This passage and this principle in it are more often referred to in relation to obviousness than in relation to the skilled addressee, and I have borne them in mind in that context as well. I mention the principle now because I thought there was a risk of it being broken, and hindsight coming in, when Counsel for Flexicare first defined the SDE in narrow terms during her cross-examination of Mr Pierro. I also mention that Counsel for Flexicare also cited HTC v. Gemalto (supra, at [267]) on this issue, but I do not think it establishes any different principle, although it is an instance where on the facts no hindsight arose from defining the CGK.

39.

As an example of the issue (and I return to this below), Kertzman is not about expiratory limbs of breathing circuits but about much smaller gas sampling lines used for different purposes, and it may not be legitimate merely by defining the SDE narrowly as a person specifically interested in better solving rainout in expiratory limbs to create a notional expectation of being able to use Kertzman in that way, if none would arise in reality. Nor can one legitimately frame the skilled addressee so as to box them in to abandoning existing solutions to a known problem. It may well be a part of the obviousness assessment that the skilled addressee would want to, or would consider, improving existing solutions (in this case, heaters and water traps).

40.

This approach was, in my view, symptomatic of the hindsight in Flexicare’s obviousness case as a whole as I explain further below.

41.

I note that paragraph 18 of Mr Pierro’s report in the part relied on by Counsel for Flexicare during cross-examination and in Flexicare’s written closing submissions is directed specifically to his view of the SDE after seeing the Patent.
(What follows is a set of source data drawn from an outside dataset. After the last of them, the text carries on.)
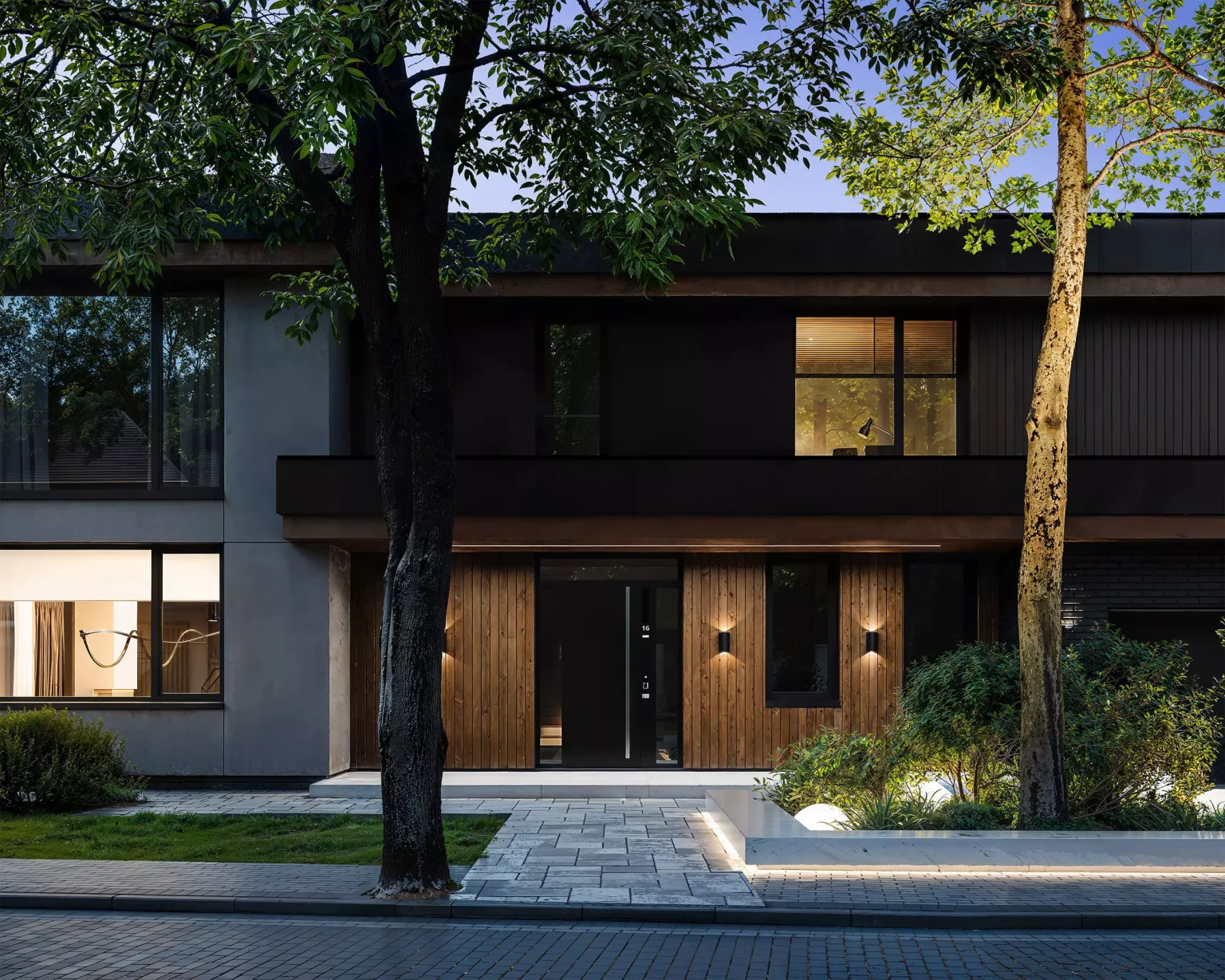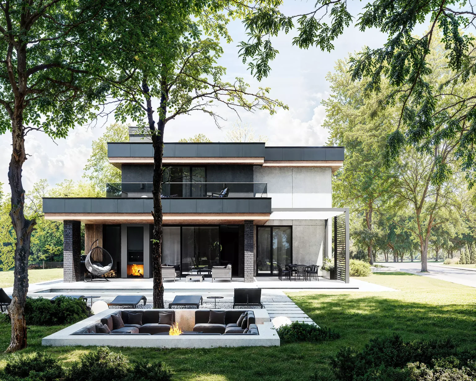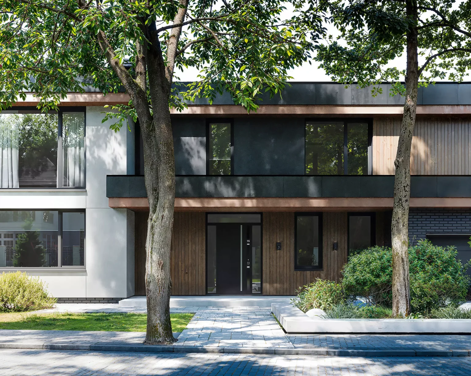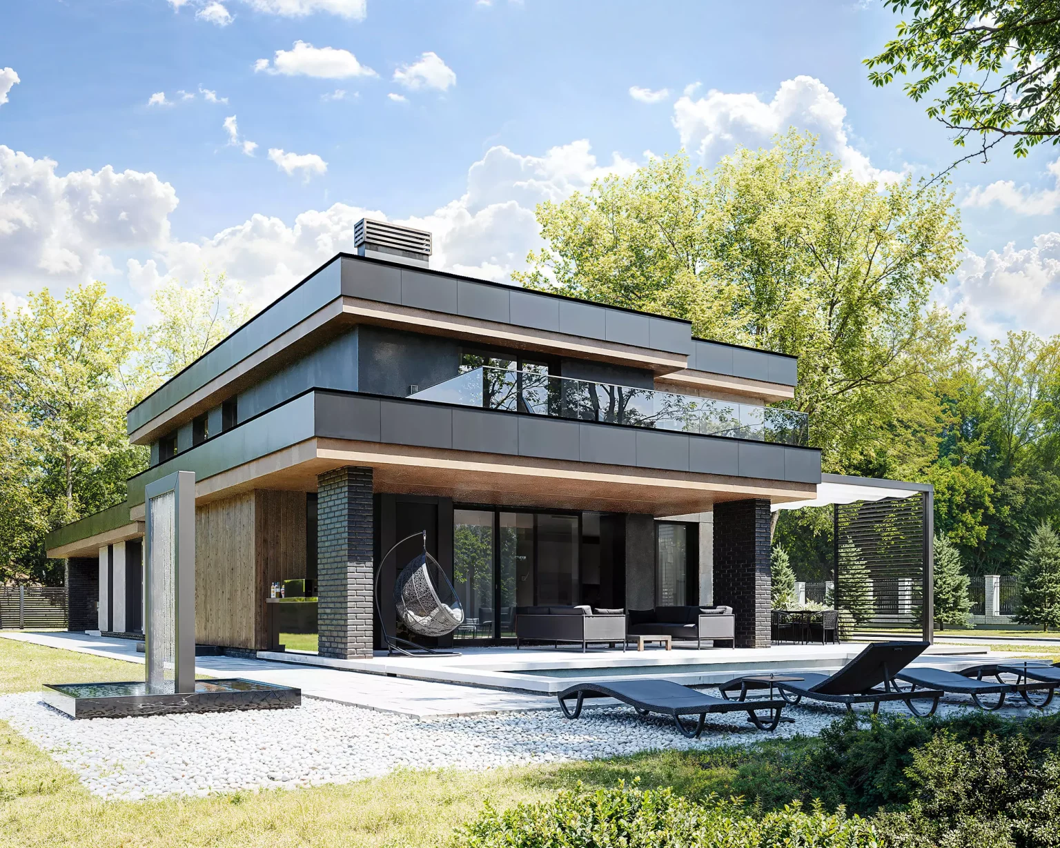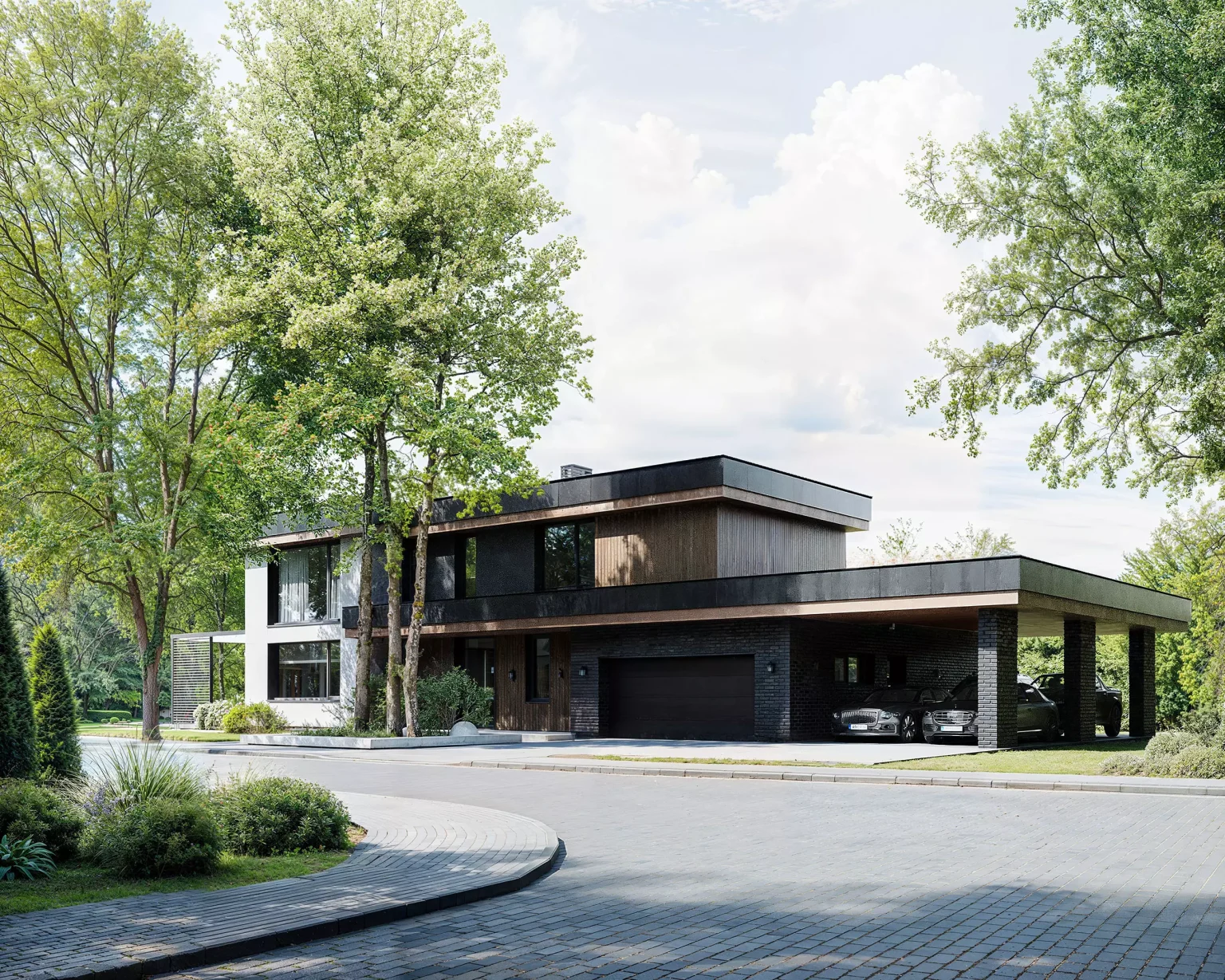 “Horizont Modern” без перебільшень крутий. Двоповерховий будинок з гаражем для двох автомобілів. Сучасний стиль, плоский дах, чіткі лінії. У зовнішньому опорядженні використано декоративну штукатурку, фасадні дошки планкен, а також вентильований фасад.
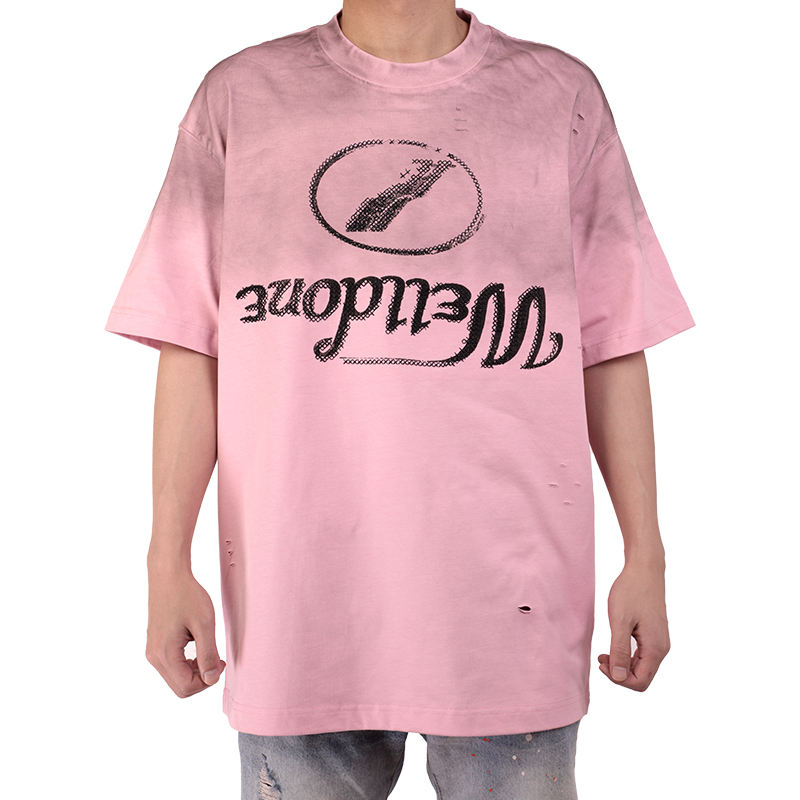 Custom 100% Cotton T-Shirts Heavyweight Thick Collar Oversized Men'S Alphabet Print Pattern Gradient Men'S T-Shirts
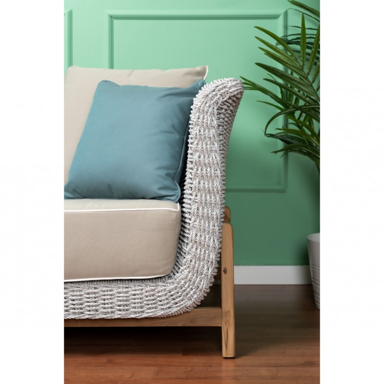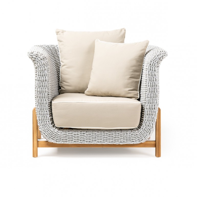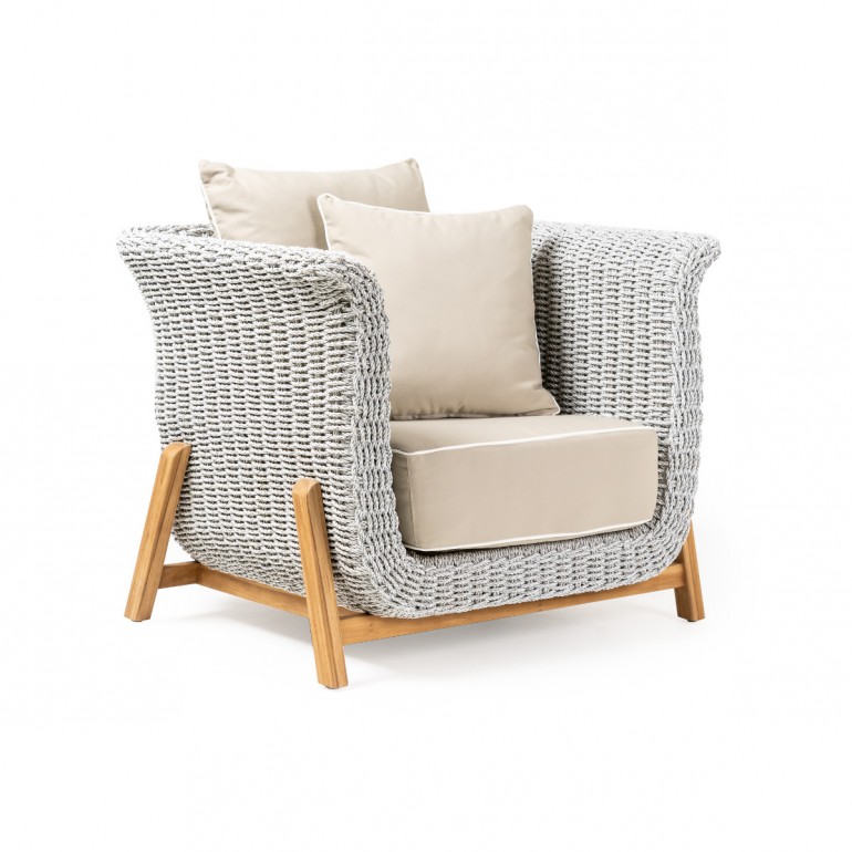 Poltrona Zante , è realizzata con base in teak massiccio e intreccio manuale in corda Viro Rope HDPE di altissima qualità. Il telaio interno è è in alluminio verniciato a polvere epossidica.
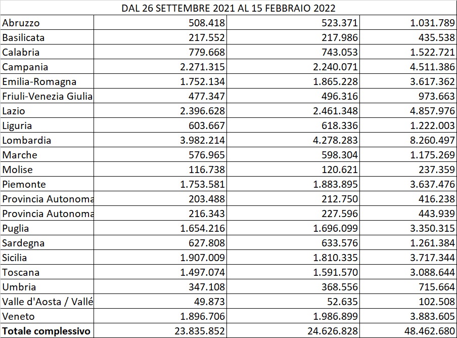 Crollo del 95% di vaccinazioni se prendiamo in esame la data nel quale è iniziata la campagna per il vaccino Covid, 26 settembre 2023, l'ultima che è possibile consultare, 15 febbraio 2024, e la paragoniamo allo stesso periodo dell'anno 21-22. In questo arco di tempo, ad evidenziare il minor calo è stata la Toscana, -92%. Le regioni che hanno evidenziato il maggior calo sono Campania e Sicilia (99%).
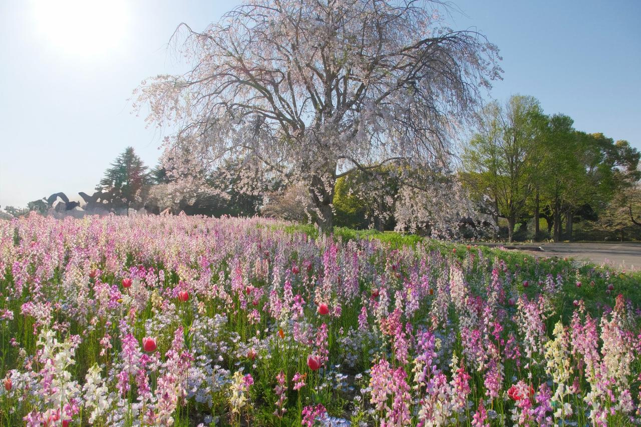 豊かな自然を有する国営昭和記念公園は、春になるとソメイヨシノをはじめ約1500本30品種の桜が咲き誇ります。渓流広場には絵画のように美しく植栽されたチューリップガーデン、花の丘ではネモフィラが登場します。東京ドーム約2倍の面積を持つ「みんなの原っぱ」や「こどもの森」には、ドーム型のトランポリンや日本一のハンモックなどの大型遊具のほか工作も楽しめます。一日たっぷり堪能できる公園です。サクラは八重桜を含め3月中旬〜4月中旬頃まで楽しむことができます。※開花情報は、公園公式ホームページをご確認ください。豊かな自然を有する国営昭和記念公園は、春になるとソメイヨシノをはじめ、約1500本30品種の桜をご覧いただけます。また、渓流広場には絵画のように美しく植栽されたチューリップガーデン、一番広い花畑の花の丘一面に広がる真っ赤なシャーレーポピー。そして東京ドーム約2倍の面積を持つみんなの原っぱにある花畑では、ネモフィラ、ハーブの丘にはブーケガーデンの花畑など、園内全体を春色に彩ります。子どもに人気のエリア「こどもの森」には、ドーム型のトランポリンや日本一のハンモックなどの大型遊具のほか、工作も楽しめ、一日たっぷり堪能できる公園です。※開花情報は、公園公式ホームページをご確認ください。
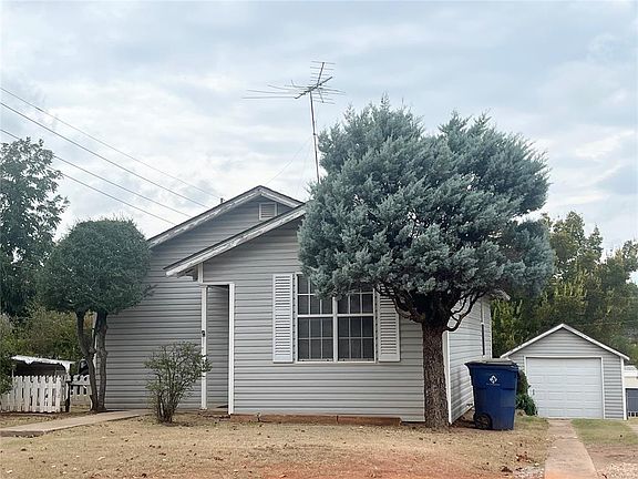 Check out this cute little home on a great corner lot! The vinyl siding will offer low maintenance and years of life and the detached garage will offer your car shelter from the Oklahoma storms.

He expressed a broader notion earlier in the same paragraph as to the SDE in general.

42.

The second general issue relates to the ability of the skilled addressee to implement the Patent, and treating it consistently with their expectation of success in considering implementation of the prior art.

43.

Flexicare anticipated that it might be said by F&P that the SDE would be concerned that there was not a reasonable expectation of implementing the prior art, or that the expectation was low enough to deter attempting it, and so work against obviousness. I can see why Flexicare was concerned about that, as much of Mr Pierro’s evidence was directed to perceived difficulties in the detailed implementation of the prior art.

44.

As a general matter, it is often possible to deduce the attributes which the skilled addressee must possess from the assumptions that the patent in suit makes about his abilities (Horne v. Reliance [2000] FSR 90 at [11]). So, for example, the fact that the Patent expects its skilled addressee to be able to make a coextruded tube with breathable material with very little guidance implies that the skilled addressee could undertake the same or a similar task starting from the prior art.

45.

More concretely, Flexicare ran a squeeze that if the expectation of success from the prior art would be absent or too low then the Patent was insufficient because it provided no more teaching than the prior art, and argued in relation to inventive step that it was not legitimate for F&P to rely on a perceived problem in implementing the prior art (a “lion in the path”) unless the Patent showed how to overcome it. Flexicare cited the dictum of Floyd LJ in Koninklijke Philips NV v Asustek Computer Corp [2019] EWCA Civ 2230 at [73]:

“The principle is that you cannot have a patent for doing something which the skilled person would regard as old or obvious but difficult or impossible to do, if it remains equally difficult or impossible to do when you have read the patent. To put it another way, the perceived problem must be solved by the patent.”

46.

I accept this statement of principle and its potential application to the present case.

47.

In response, F&P said that it was not relying on perceived problems of implementing the prior art or some modification of it, but rather was only saying that what the Patent involved was unusual and would be unfamiliar to the SDE; while it could be made with confidence using CGK if the idea occurred to the SDE, the unfamiliarity meant that it would not be prone to occur to him or her in the first place. Counsel for F&P cited Lord Justice Jacob in Unilever v Chefaro [1994] R.P.C. 567 at 587: that (paraphrasing) it is not so much that the challenges would put people off trying, but rather in the absence of firm knowledge and experience, the conception of modifying the prior art as claimed would not come readily to mind. I accept this principle as well and think it is relevant. The SDE would not be familiar with breathable tubes of the dimensions and physical characteristics (e.g. resistance to crushing, ability to “drape”) required for the claimed products of the Patent.

48.

Counsel for F&P’s retreat on this (for such it was) meant that F&P did not rely on those parts of Mr Pierro’s evidence relying purely on perceived problems of implementation. There were quite a lot of these, and on important issues as well, such as obviousness over Kertzman. I have borne this in mind, along with Counsel for Flexicare’s very reasonable point that one must assess Mr Pierro’s oral evidence to understand whether at any given point he was considering a perceived problem (no longer relied on by F&P) or only unfamiliarity with the type of work required (maintained by F&P). It would be wrong to casually treat the one as the other, and I have aimed to avoid doing so.

49.

The upshot is that Flexicare’s squeeze did its job but I must take care in assessing F&P’s evidence carefully to exclude the matters no longer relied on.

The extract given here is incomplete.